The Théâtre du Panthéon was a theatre building in Paris, at 96 (now 46) rue Saint-Jacques (5th arrondissement). It opened in 1832 and closed in 1844.It was named after the nearby Panthéon.
It was built in 1831 on the remains of the église Saint-Benoît to designs by Alexandre Bourla and commissioned by Éric Bernard, an actor at the Odéon. It opened on 18 March 1832 with Un panorama, a vaudeville by Thomas Sauvage. Bernard gathered a cast of a dozen actors alongside whom he put on nearly fifty shows in a single year, but such a high turnover took its toll on his health and he passed its management to MM. Georges and Pierre Perrin fils in February 1833. They put on the first appearances of Mademoiselle Judith, which proved promising, but even so the new managers gave up after only two months.
The theatre reopened on 1 September 1835 under the management of Tard, who brought in a totally new troupe of actors. He was so successful that Tard was offered the management of the Odéon in 1836. He was replaced at the Panthéon in September 1836 by the playwright Théodore Nezel, who shifted the theatre's output towards comedy. In April 1839 Nezel handed the theatre over to one of his troupe, Dubourjal, who took on Aline Duval, who had jumped ship from the théâtre Comte – she was so successful that she was in turn taken on by the manager of the Palais-Royal.
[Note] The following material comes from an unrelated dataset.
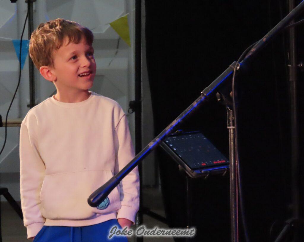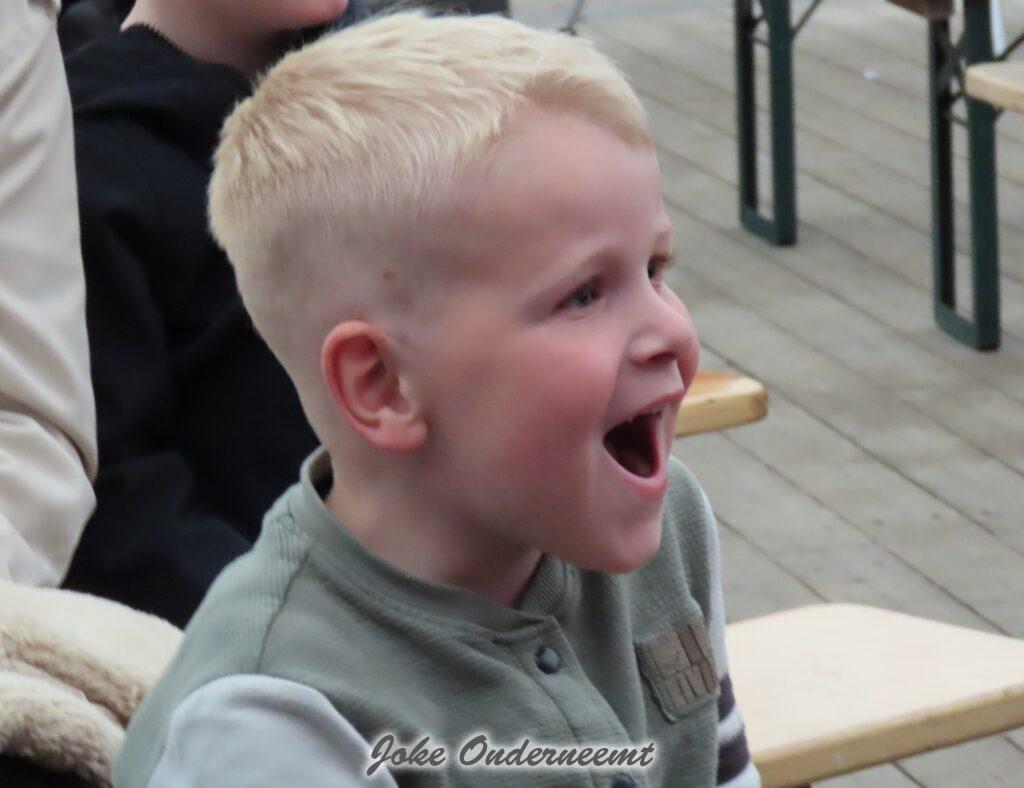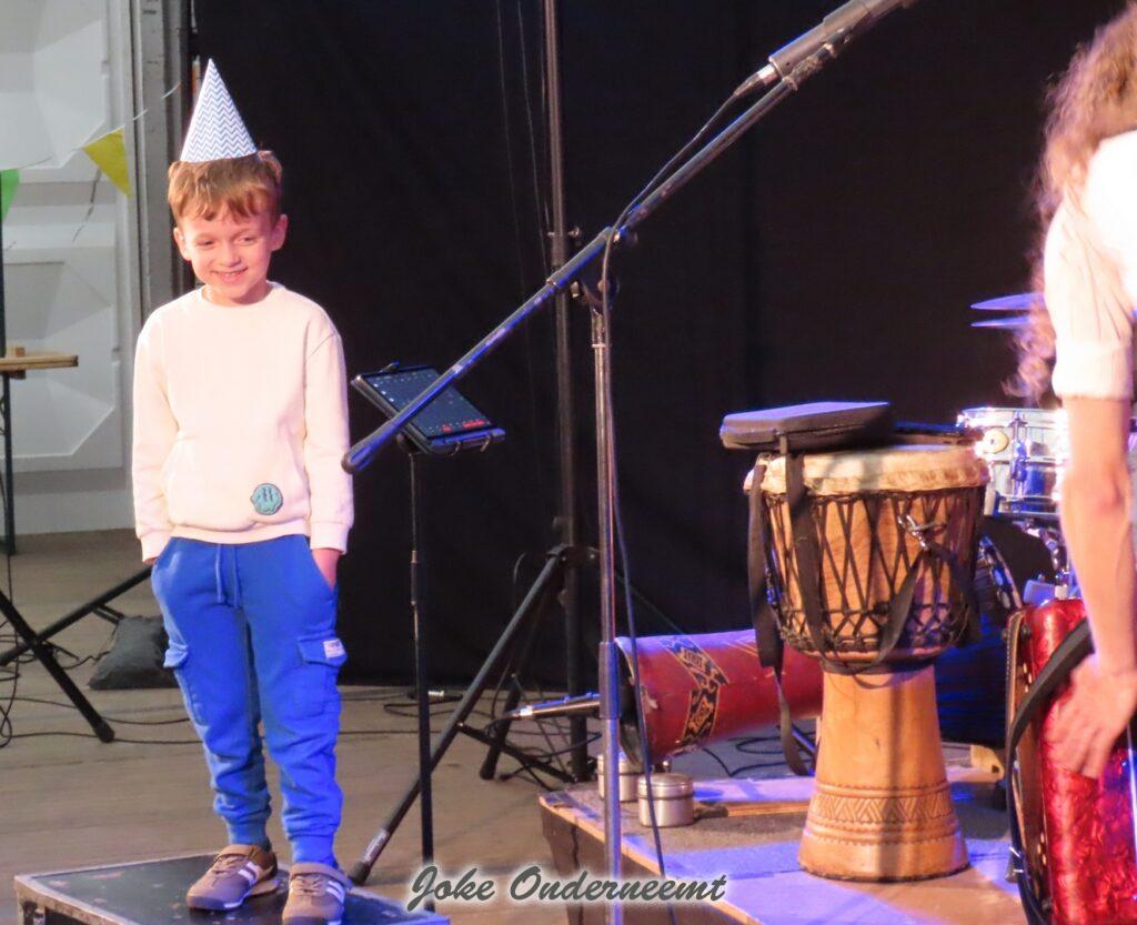 Er was ook een jarige vanmiddag en dat was Silvan.. hij mocht naar voren komen en werd toegezongen door alle kinderen en Thijl op zijn accordeon…
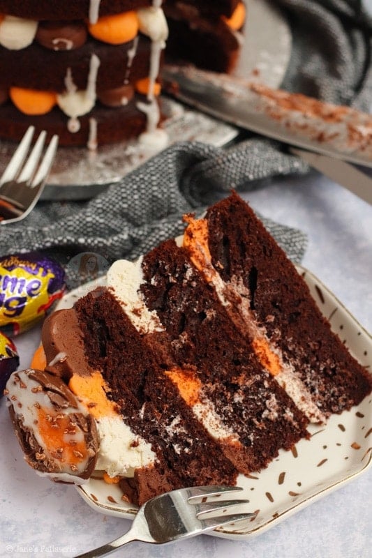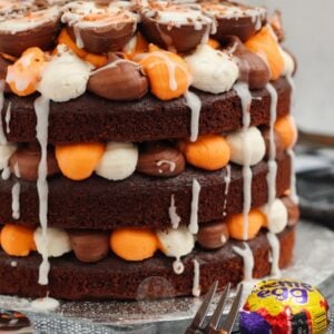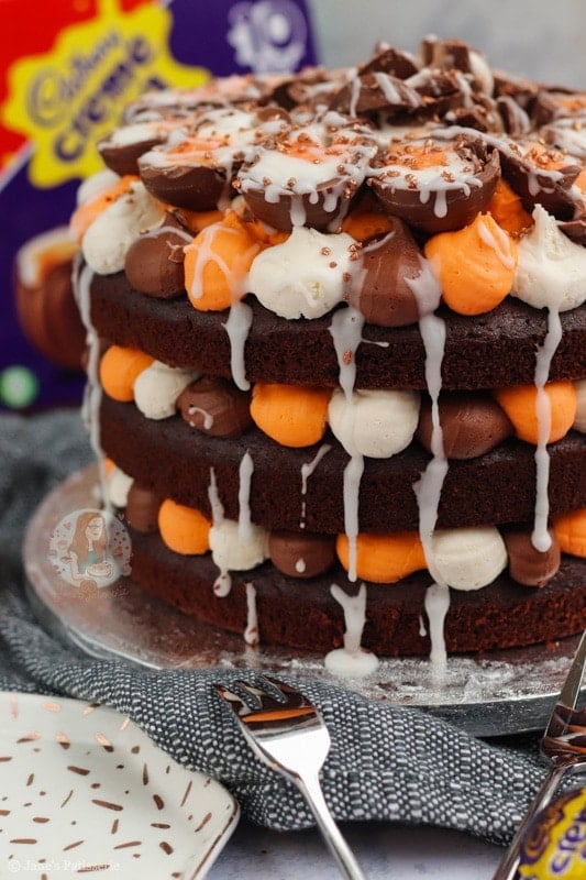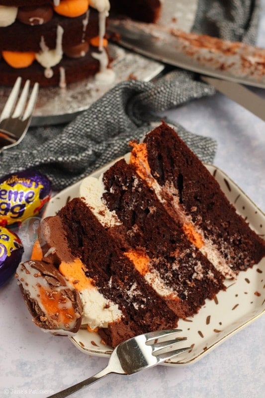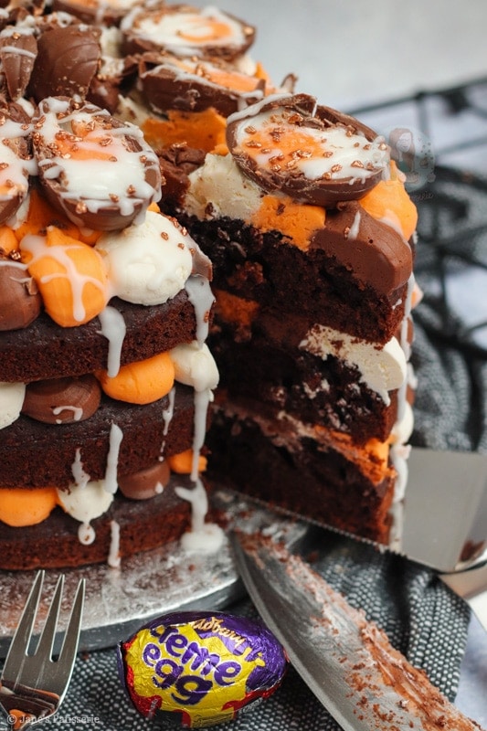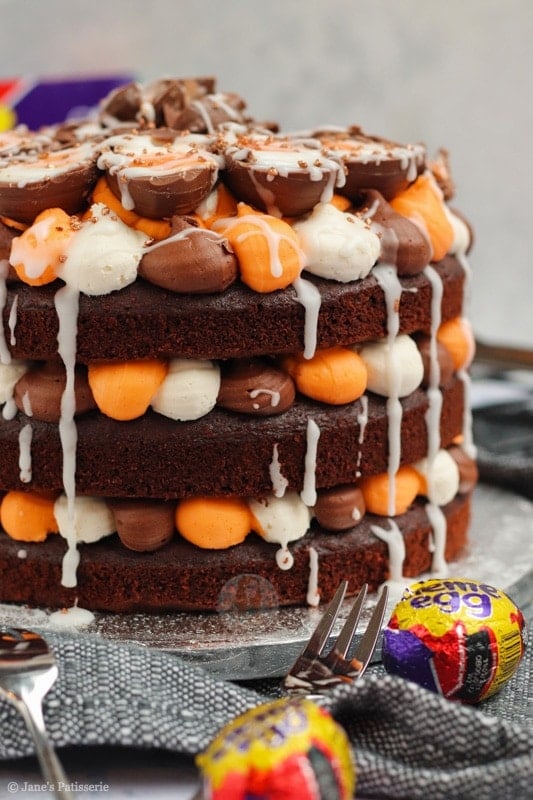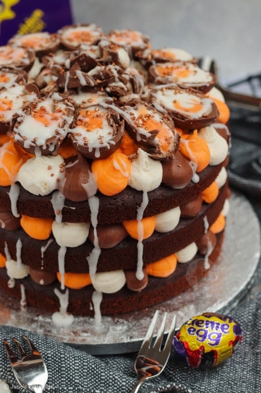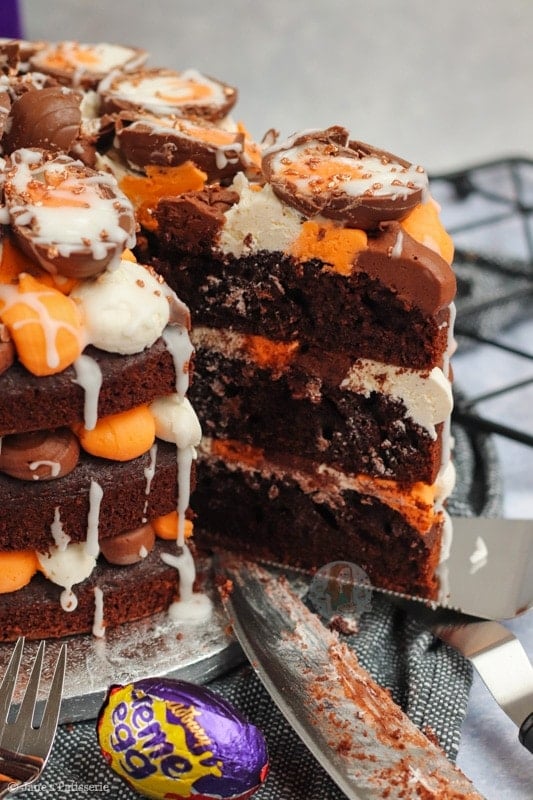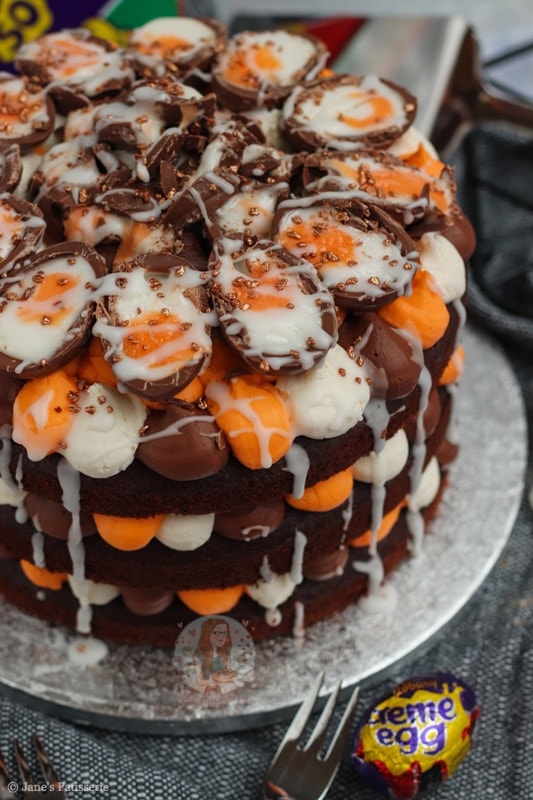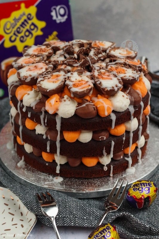 The idea of it is the decoration anyway! All about the colours. All about the explosion of Creme Egg on this delightful layer cake. I hope you love this recipe! Enjoy! x

After a financial dispute, Dubourjal was dismissed in April 1841 by the theatre's owner.
In September the actor Oscar Pichat was made the theatre's manager, but he resigned in February 1842, to be replaced by its owner Houy, who then managed it until April 1843. Its last two managers, Blachard and Braux, were also actors – they made one final attempt to revive the theatre's fortunes in September 1843, but in vain. On their departure, the government revoked the theatre's licence and closed it permanently. The building was finally demolished in 1854 to build rue des Écoles.